Task statement →
If a record below holds a picture, leave the picture out and copy the rest exactly.

Provided entries →
**********

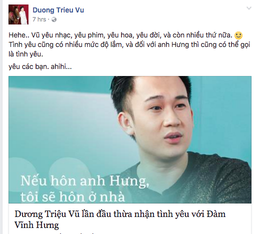 Ngày 9/1, người hâm mộ khá xôn xao biết thông tin Dương Triệu Vũ bất ngờ thừa nhận chuyện tình yêu với Đàm Vĩnh Hưng trong một bài phỏng vấn. Ngay cả trên trang Facebook cá nhân, Dương Triệu Vũ còn vui vẻ viết dòng trạng thái: “Vũ yêu nhạc, yêu phim, yêu hoa, yêu đời, và còn nhiều thứ nữa. Tình yêu cũng có nhiều mức độ lắm, và đối với anh Hưng thì cũng có thể gọi là tình yêu…”.
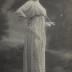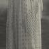Fashion photograph depicting a young woman modeling a "Tulle-bi-telli" dress made of net fabric of light colour with small pieces of metal hammered flat, forming a geometric pattern of rhombi, zigzags and stylized crosses. The bottom of the skirt and the cuffs of the short loose sleeves are embellished with shiny fringe trimmings. The gown has a high, under chest waistline, and the lady is wearing a long pearl necklace.
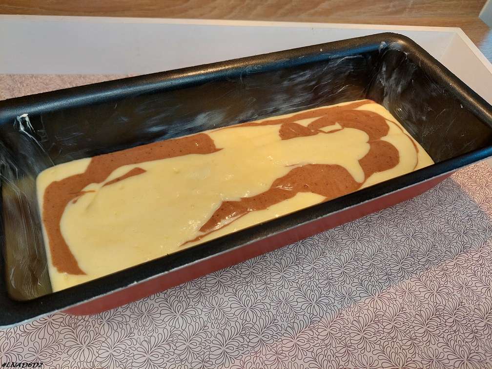 - Beurrer et fariner le moule et y verser les deux préparations en alternant les couches ;
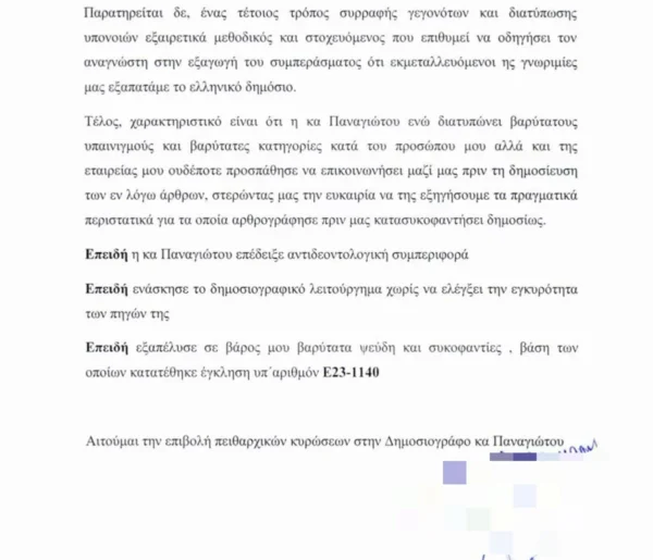 Στο σχετικό έγγραφο που στάλθηκε στην δημοσιογράφο από τον κ. Κολομπανί αναφέρεται μεταξύ άλλων πως έκανε, μάλιστα, συρραφή γεγονότων. Και αφήνει υπαινιγμούς και κατηγορίες εναντίον του ιδίου και της εταιρείας του. Ενώ δεν άσκησε το δημοσιογραφικό λειτούργημα όπως πρέπει καθώς δεν επικοινώνησε μαζί του για εξηγήσεις!
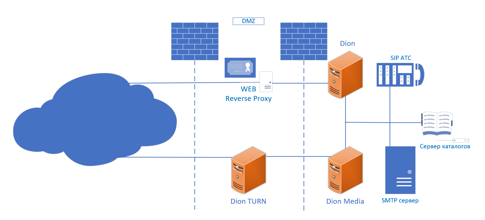 В данном примере сервисы Dion Media и Dion TURN вынесены на отдельные серверы.
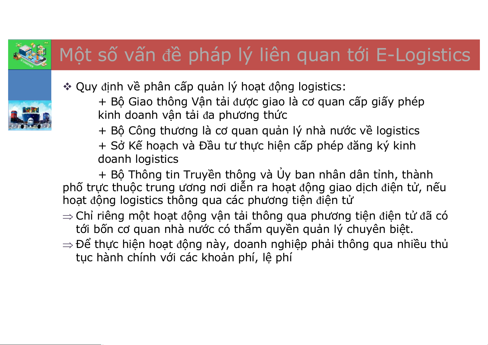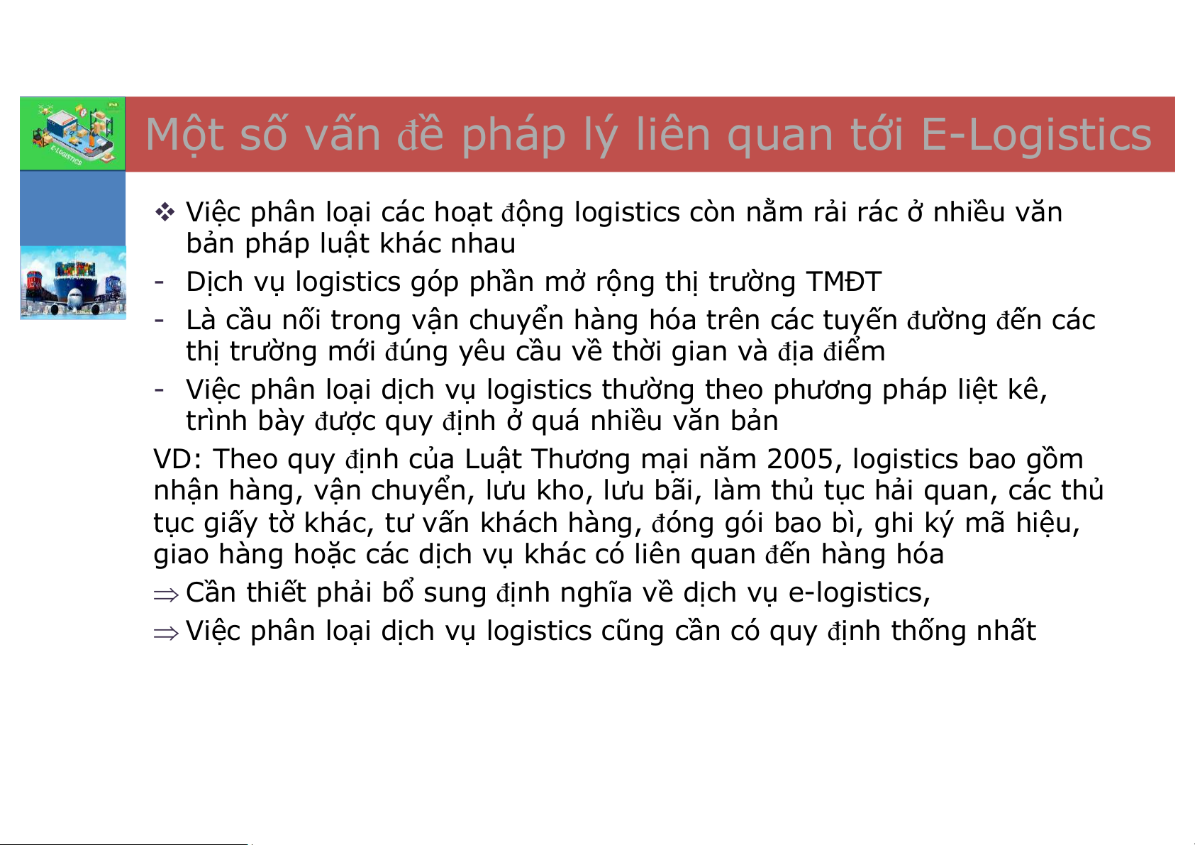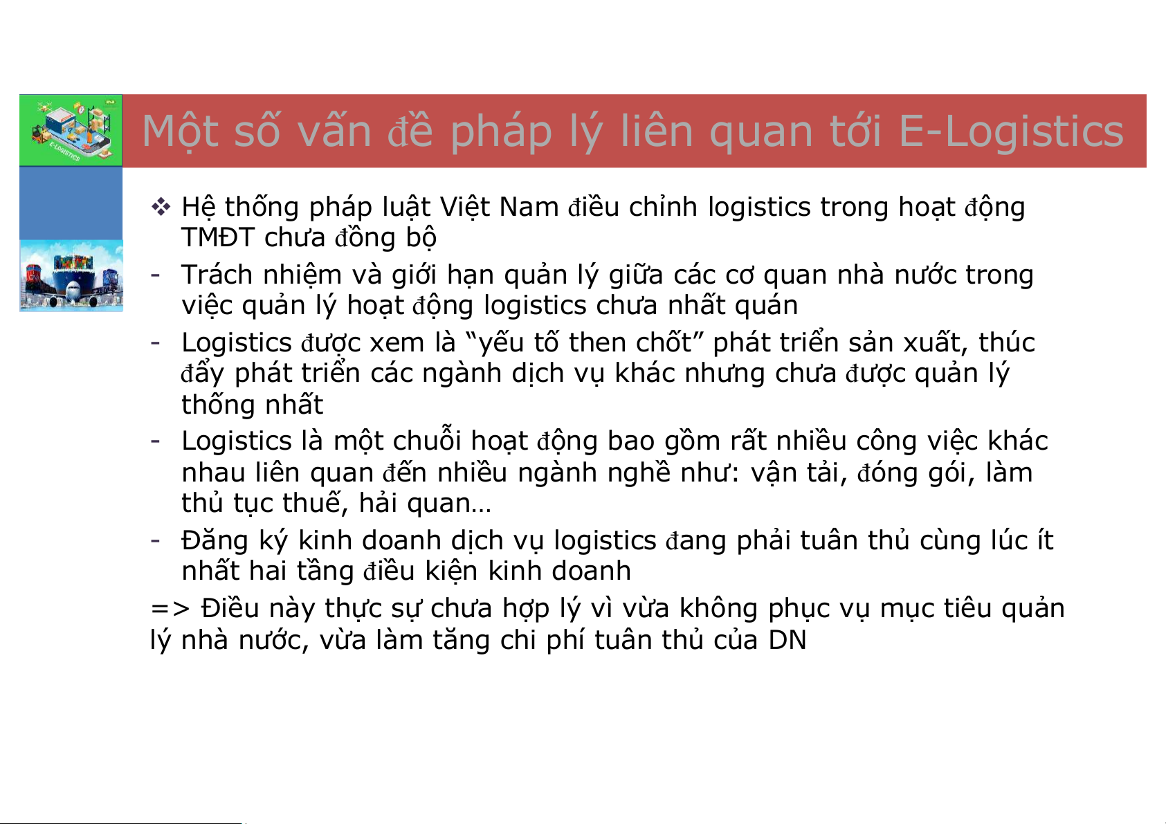 v Hệ thống pháp luật Việt Nam điều chỉnh logistics trong hoạt động TMĐT chưa đồng bộ
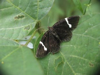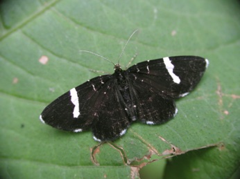 この蛾もチョウと思い込み、ハチノジクロナミエダシャクと同定に至るまで1年以上かかった。この蛾は年に数回行く裏高尾の観察地(滝の修験場の入り口)の車を止めるところで必ず出会う。
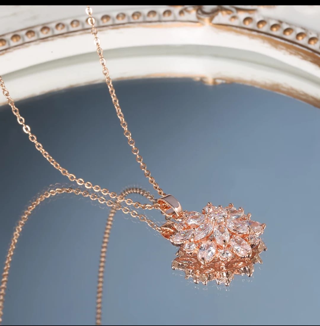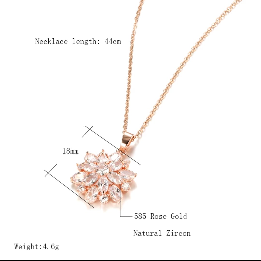 Collar de lujo de oro rosa, con colgante de flor de circón Natural para mujer.
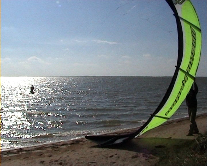 Один из недостатков кайта,обернулся некоторым достоинством.Дело в чем,когда катаюсь на месном водоеме,то меня бесит пляжный песок.Липнет он сабака,к куполу.Нужно ждать,пока высохнет,чтоб струсить перед упаковкой. А тут в сырую погоду. прицепил кайт за пятую стропу,он взлетел вверх рогами (а это его недостаток при рестарте с воды).И висит себе над землей сохнет....
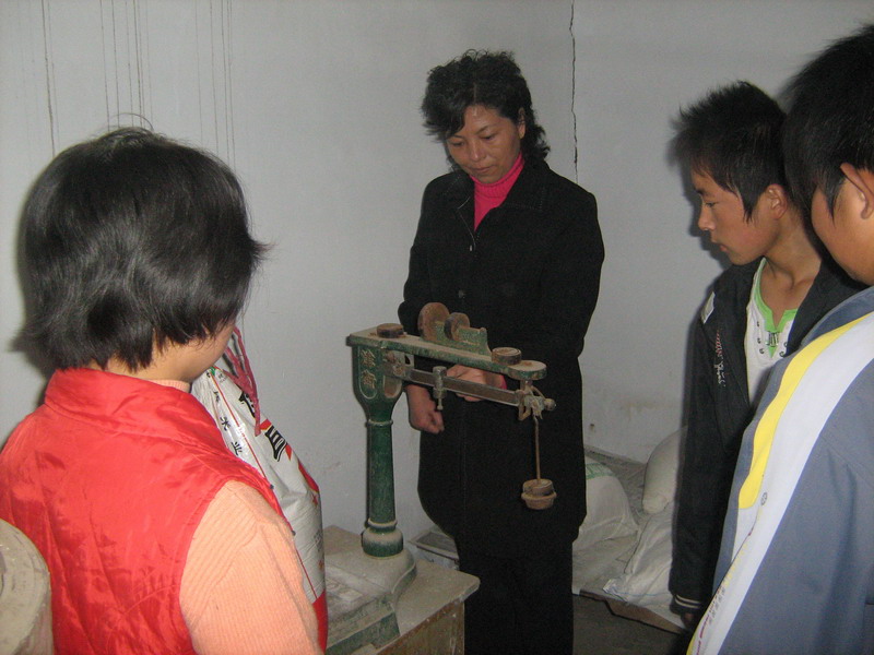 每次称粮的时候,她很耐心的为我们记数,抱袋子,不怕脏,不怕累,而且粮食的重量分豪不差.
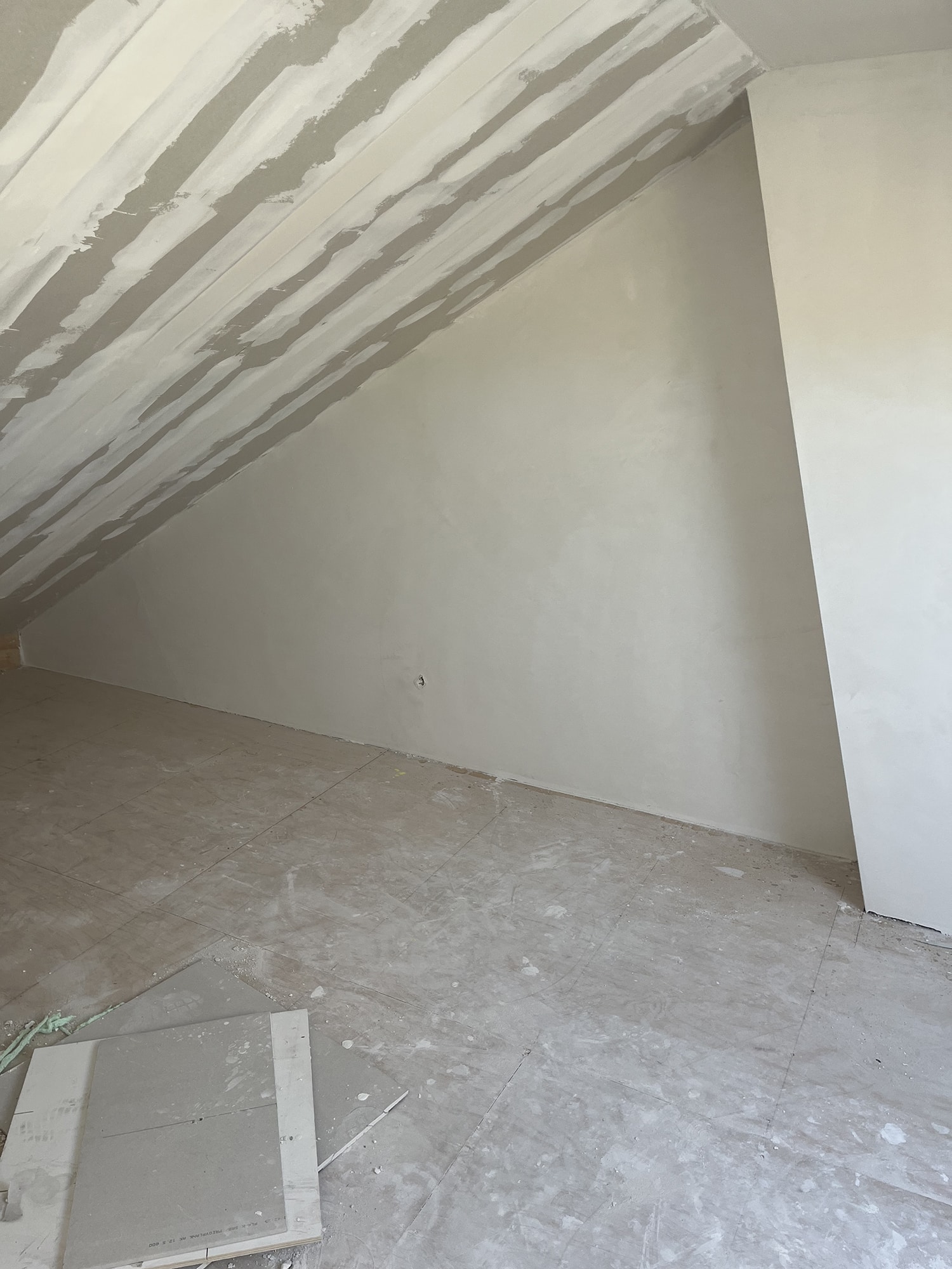 De schuine kanten hebben wij hier op aanvraag van de klanten enkel alleen de naden van de gipsplaten dichtgezet. Dit komt omdat de klant hier in de toekomst wellicht nog dakkappelen wilt plaatsen!
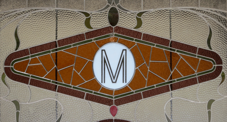 I know almost nothing about stained glass, whether it be coloured glass as a material, or the art and craft created from it. Working with glass seems to me inordinately difficult, and although I once learnt how to make glass beads, I am much more at home with a sharp blade, a bonefolder and a few sheets of paper. Somewhere in the back of my mind, in that receptacle that stores trivia, is a snippet of information about beer bottles: that brown glass protects beer from going off by filtering light absorption, but green glass is fine for beer with a lower hops content. None of which has much to do with this stained glass window, which caught my eye for the mix of design styles and glass textures, not least the M on an opaque white oval.

**********

Answer box →
 Ngày 9/1, người hâm mộ khá xôn xao biết thông tin Dương Triệu Vũ bất ngờ thừa nhận chuyện tình yêu với Đàm Vĩnh Hưng trong một bài phỏng vấn. Ngay cả trên trang Facebook cá nhân, Dương Triệu Vũ còn vui vẻ viết dòng trạng thái: “Vũ yêu nhạc, yêu phim, yêu hoa, yêu đời, và còn nhiều thứ nữa. Tình yêu cũng có nhiều mức độ lắm, và đối với anh Hưng thì cũng có thể gọi là tình yêu…”.
Fashion photograph depicting a young woman modeling a "Tulle-bi-telli" dress made of net fabric of light colour with small pieces of metal hammered flat, forming a geometric pattern of rhombi, zigzags and stylized crosses. The bottom of the skirt and the cuffs of the short loose sleeves are embellished with shiny fringe trimmings. The gown has a high, under chest waistline, and the lady is wearing a long pearl necklace.
 - Beurrer et fariner le moule et y verser les deux préparations en alternant les couches ;
 Στο σχετικό έγγραφο που στάλθηκε στην δημοσιογράφο από τον κ. Κολομπανί αναφέρεται μεταξύ άλλων πως έκανε, μάλιστα, συρραφή γεγονότων. Και αφήνει υπαινιγμούς και κατηγορίες εναντίον του ιδίου και της εταιρείας του. Ενώ δεν άσκησε το δημοσιογραφικό λειτούργημα όπως πρέπει καθώς δεν επικοινώνησε μαζί του για εξηγήσεις!
 В данном примере сервисы Dion Media и Dion TURN вынесены на отдельные серверы.
 v Hệ thống pháp luật Việt Nam điều chỉnh logistics trong hoạt động TMĐT chưa đồng bộ
 この蛾もチョウと思い込み、ハチノジクロナミエダシャクと同定に至るまで1年以上かかった。この蛾は年に数回行く裏高尾の観察地(滝の修験場の入り口)の車を止めるところで必ず出会う。
 Collar de lujo de oro rosa, con colgante de flor de circón Natural para mujer.
 Один из недостатков кайта,обернулся некоторым достоинством.Дело в чем,когда катаюсь на месном водоеме,то меня бесит пляжный песок.Липнет он сабака,к куполу.Нужно ждать,пока высохнет,чтоб струсить перед упаковкой. А тут в сырую погоду. прицепил кайт за пятую стропу,он взлетел вверх рогами (а это его недостаток при рестарте с воды).И висит себе над землей сохнет....
 每次称粮的时候,她很耐心的为我们记数,抱袋子,不怕脏,不怕累,而且粮食的重量分豪不差.
 De schuine kanten hebben wij hier op aanvraag van de klanten enkel alleen de naden van de gipsplaten dichtgezet. Dit komt omdat de klant hier in de toekomst wellicht nog dakkappelen wilt plaatsen!
 I know almost nothing about stained glass, whether it be coloured glass as a material, or the art and craft created from it. Working with glass seems to me inordinately difficult, and although I once learnt how to make glass beads, I am much more at home with a sharp blade, a bonefolder and a few sheets of paper. Somewhere in the back of my mind, in that receptacle that stores trivia, is a snippet of information about beer bottles: that brown glass protects beer from going off by filtering light absorption, but green glass is fine for beer with a lower hops content. None of which has much to do with this stained glass window, which caught my eye for the mix of design styles and glass textures, not least the M on an opaque white oval.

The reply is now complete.